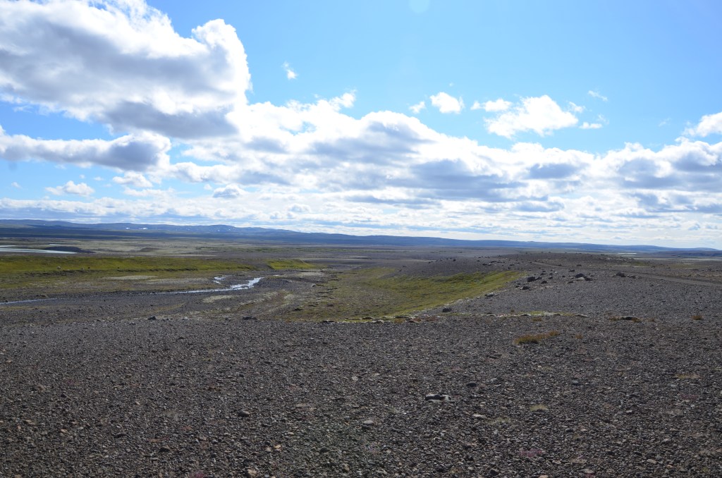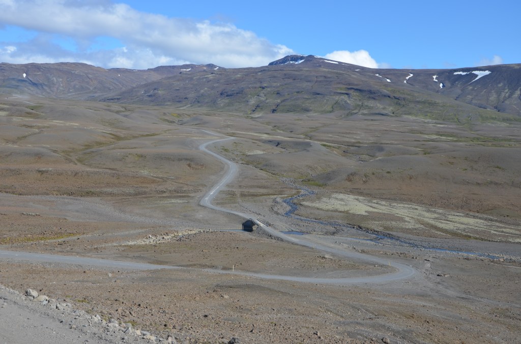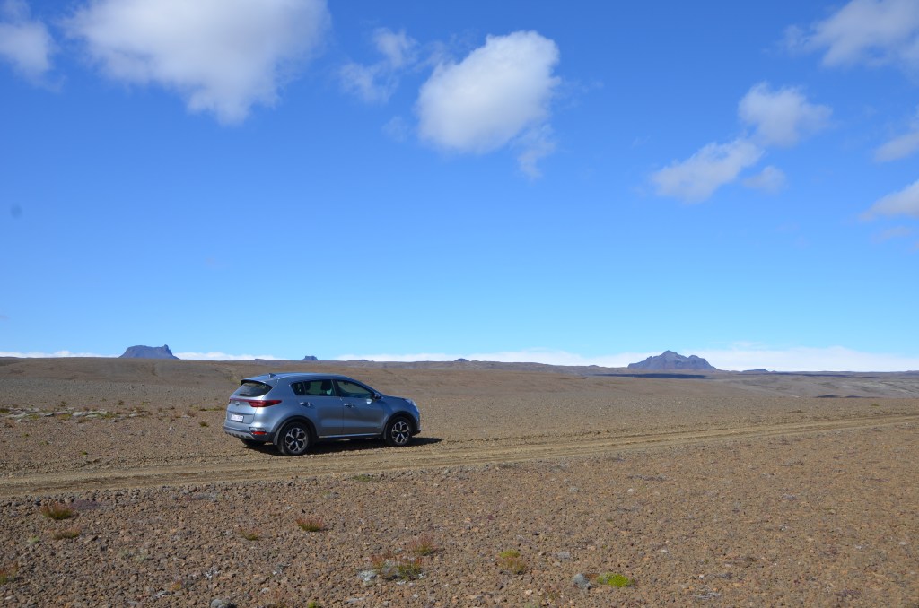 Wenn man die Straße am Gullfoss noch 10 km weiter fährt, endet der Asphalt. Mit einem Allradauto kann man dann weiter Richtung Hochland fahren. Einmal abgebogen, und man steht mutterseelenallein in der schönsten Mondlandschaft.
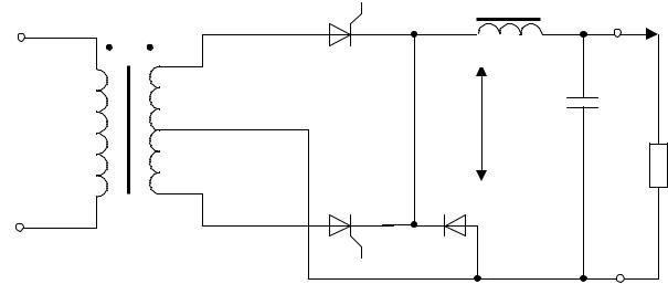 В представленном на рис.2.19 выпрямителе реализуется функция стабилизации выходного напряжения. Схема управления вырабатывает сигналы управления тиристорным коммутатором в зависимости от значения выходного напряжения и фазового угла переменного напряжения на входе
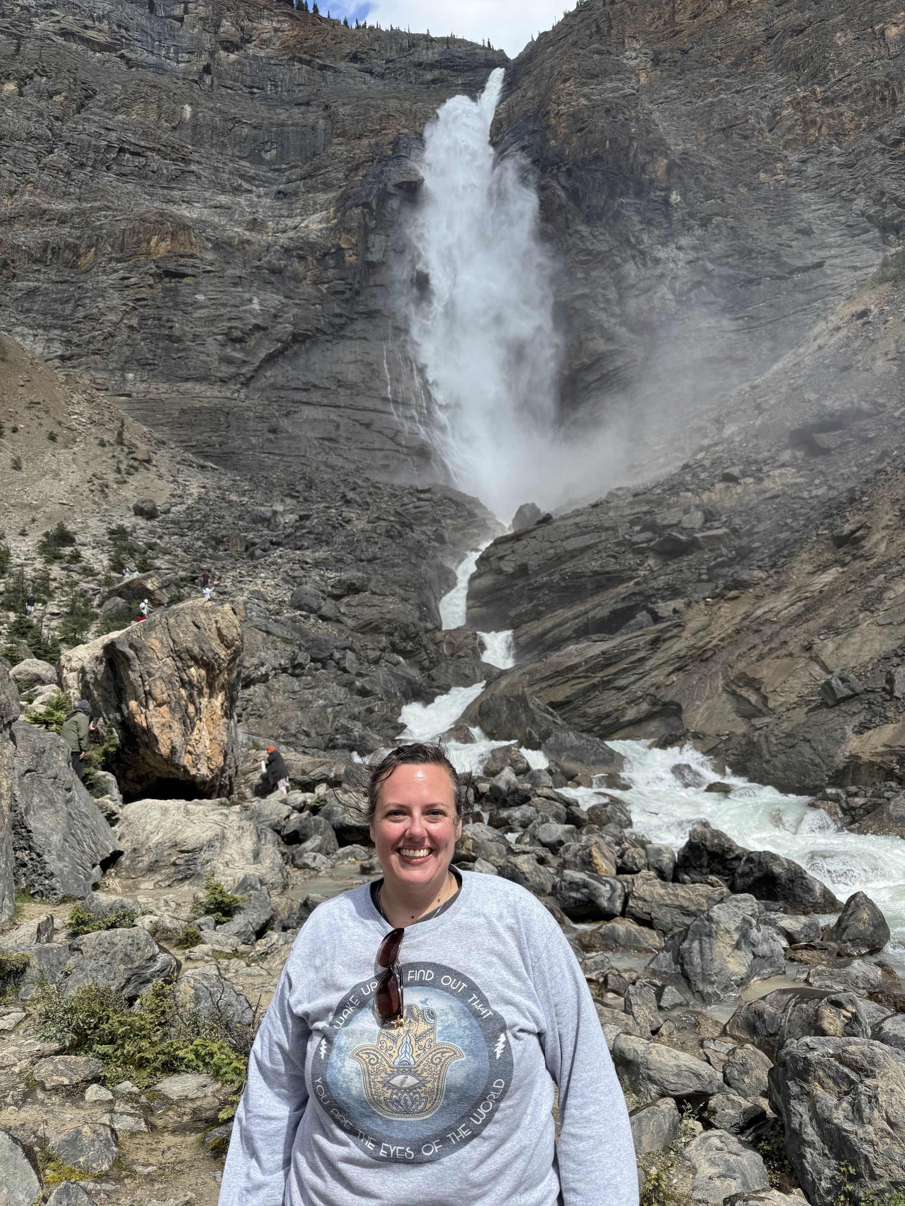 Our next stop, Takakkaw Falls. The drive took us over the continental divide and while this was not my first time doing so, it’s always an incredibly cool experience. If you’re not familiar, the continental divide basically runs through the Rockies (US and Canadian) and is where, among other things, the flow of fresh water changes direction. One side of the divide runs into the Pacific Ocean while the water on the other side runs to the Atlantic Ocean. You can actually see the water change direction and is a really cool natural phenomenon to see in person.

# # # # # # #

ASSIGNMENT: Any picture found in the data is to be skipped while the rest is copied exactly.

REPLY:
 Wenn man die Straße am Gullfoss noch 10 km weiter fährt, endet der Asphalt. Mit einem Allradauto kann man dann weiter Richtung Hochland fahren. Einmal abgebogen, und man steht mutterseelenallein in der schönsten Mondlandschaft.
 В представленном на рис.2.19 выпрямителе реализуется функция стабилизации выходного напряжения. Схема управления вырабатывает сигналы управления тиристорным коммутатором в зависимости от значения выходного напряжения и фазового угла переменного напряжения на входе
 Our next stop, Takakkaw Falls. The drive took us over the continental divide and while this was not my first time doing so, it’s always an incredibly cool experience. If you’re not familiar, the continental divide basically runs through the Rockies (US and Canadian) and is where, among other things, the flow of fresh water changes direction. One side of the divide runs into the Pacific Ocean while the water on the other side runs to the Atlantic Ocean. You can actually see the water change direction and is a really cool natural phenomenon to see in person.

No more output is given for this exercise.